Feet began to stomp. The girls' bodies were swaying wildly, and Baque felt himself rocking back and forth as the music swept on recklessly. The girls finished their lyrics, and when he did not stop playing they began again. Spacers were on their feet, now, clapping and swaying. Some seized their women and began dancing in the narrow spaces between the tables. Finally Baque forced a cadence and slumped forward, panting and mopping his forehead. One of the girls collapsed onto the stage. The others hauled her to her feet, and the three of them fled to a frenzy of applause.

Baque felt a hand on his shoulder. Lankey. His ugly, expressionless face eyed Baque, turned to study the wildly enthusiastic customers, turned back to Baque. He nodded and walked away.

Rose returned alone, still breathing heavily. “How about a Sally Ann Perfume Com?”

Baque searched his memory and was chagrined to find no recollection of Sally Ann's Coms. “Tell me the words,” he said. She recited them tonelessly—a tragic little story about the shattered romance of a girl who did not use Sally Ann. “Now I remember,” Baque told her. “Shall we make them cry? Just concentrate on that. It's a sad story, and we're going to make them cry.”

She stood by the multichord and sang plaintively. Baque fashioned a muted, tremulous accompaniment, and when the second verse started he improvised a drooping countermelody. The spacers sat in hushed suspense. The men did not cry, but some of the women sniffed audibly, and when Rose finished there was a taut silence.

“Quick!” Baque hissed. “Let's brighten things up. Sing another Com—anything!”

She launched into a Puffed Bread Com, and Baque brought the spacers to their feet with the driving rhythm of his accompaniment.

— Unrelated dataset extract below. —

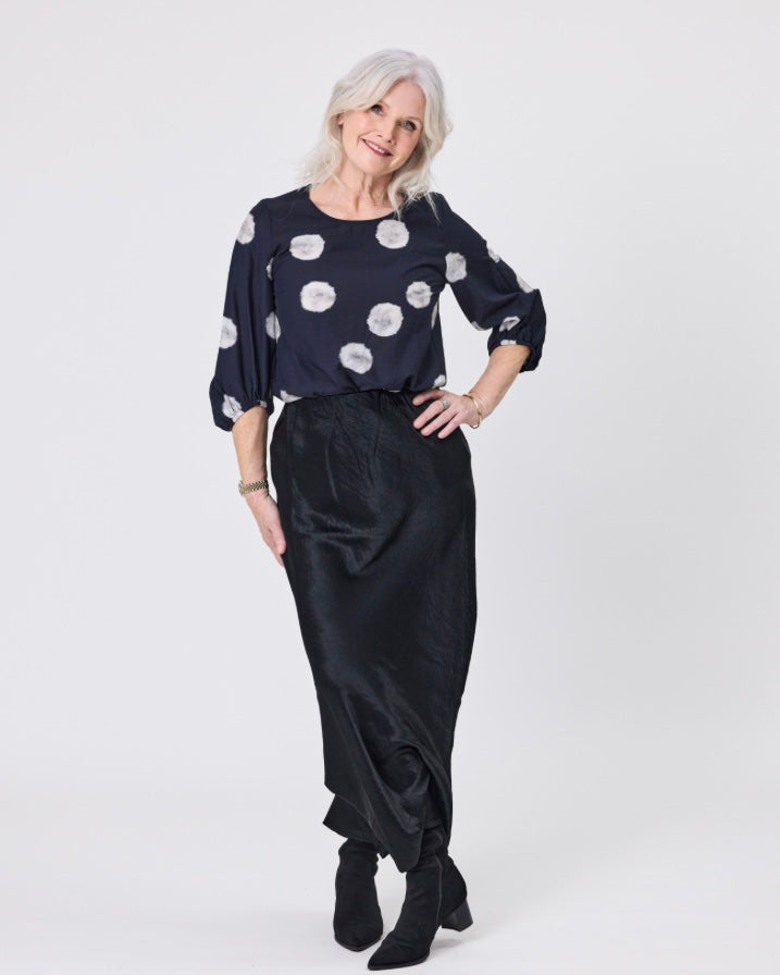 • A lightweight blouse with a round neck and three-quarter length balloon sleeves that gather at the cuff. • It features an all-over, bold spot/circle print on a dark navy or black background. • The top is made entirely from Polyester and is available in sizes 8-14

The other girls took their turns, and Baque watched the customers detachedly, bewildered at the power that surged in his fingers. He carried them from one emotional extreme to the other and back again, improvising, experimenting. And his mind fumbled haltingly with an idea.

“Time for a break,” Rose said finally. “Better get something to eat.”

An hour and a half of continuous playing had left Baque drained of strength and emotion, and he accepted his dinner tray indifferently and took it to the enclosure they called his room. He did not feel hungry. He sniffed doubtfully at the food, tasted it—and ate ravenously. Real food, after months of synthetics!

When he'd finished he sat for a time on his cot, wondering how long the girls took between appearances, and then he went looking for Lankey.